I employed every search engine for "termites" and they
all dead-ended with "fumigation." I didn’t learn much,
but my file of recipes now includes four gourmet-quality lethal
gases.
For
termites, Vicane (sulfuryl fluroide) manufactured by Dow Elanco
is the poison gas of choice.
Dow’s
warnings on Vicane are scarey. "Exposure to high concentration
causes excessive fluid in the lungs, pneumonia, and convulsions."
The EPA adds additional danger signals when reentering after the
fumigation. "Reduced awareness, slowed movement, garbled speech,
or difficulty in breathing." (These warnings are very similar
to those on the label of my antihistimine.)
A
final caution: if you are rendered unconscious, wear a nametag so
they’ll know who you were. (I made this one up).
It
was time for action as the eating machine army of bugs had already
sent advance scouting parties to taste my antique Brunswick billiard
table.
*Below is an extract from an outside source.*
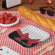 Plato De Papel Cinta Roja y Franja Moderna Elegante Personalizada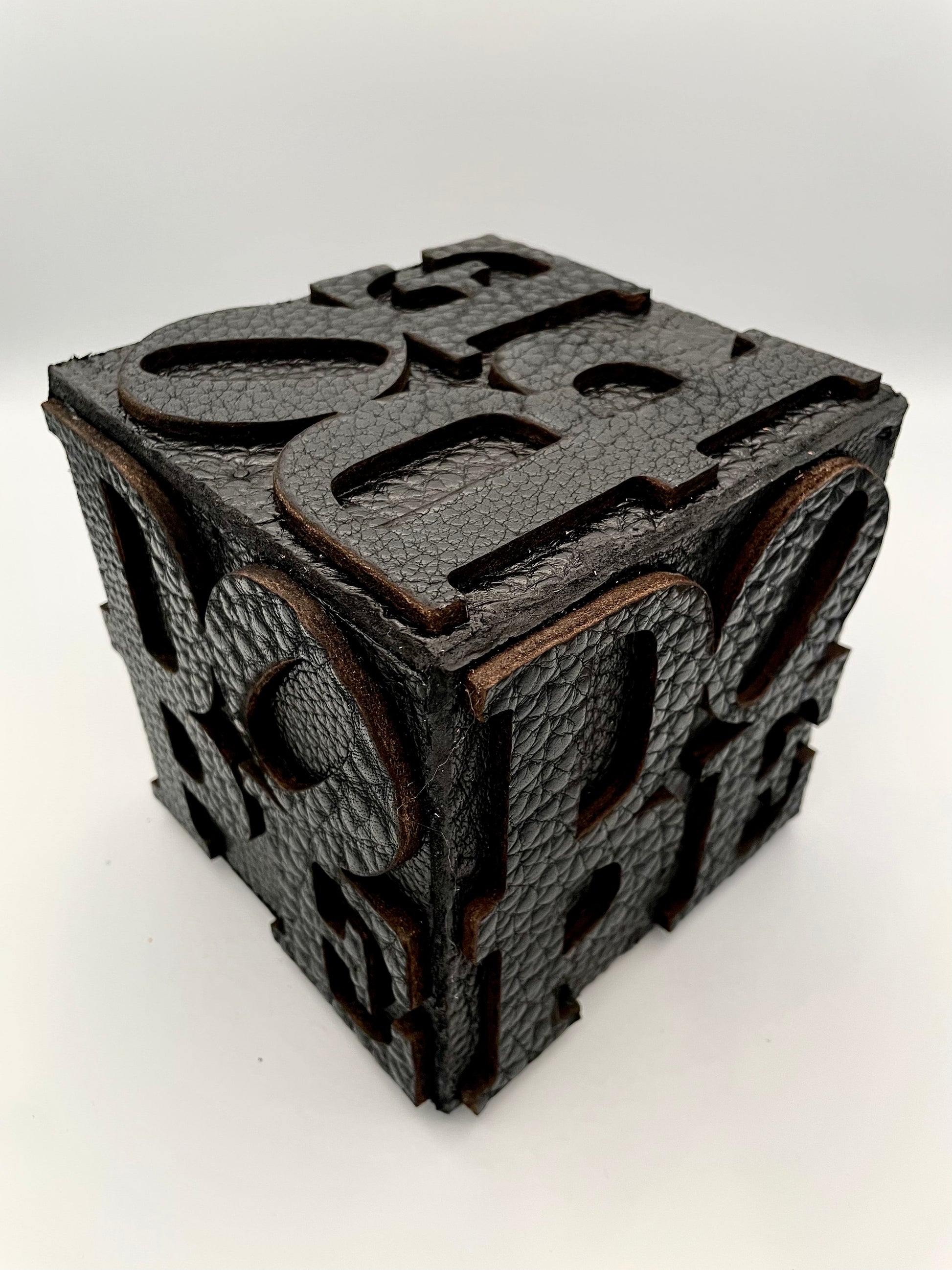 This DOPE box by artist DL Warfield is made of leather and wood. It’s 6.5” x 6.5”. Perfect for shelve artwork displays or desktops.

An emergency appointment at Yougottem-Wekillem’s pest control
center was scheduled and we should have been suspicious when we
were advised to wear old clothes.
As
we arrived, the police Swat Team prevented the pickets surrounding
the facility from harassing us, but the crude picket signs were
ugly and conveyed their message: "Extermination equals murder."
"Today termites, tomorrow ??"
Still
shaken by the protestors from PETI (People for the Ethical Treatment
of Insects), I said to the director, "I’ve read all the literature.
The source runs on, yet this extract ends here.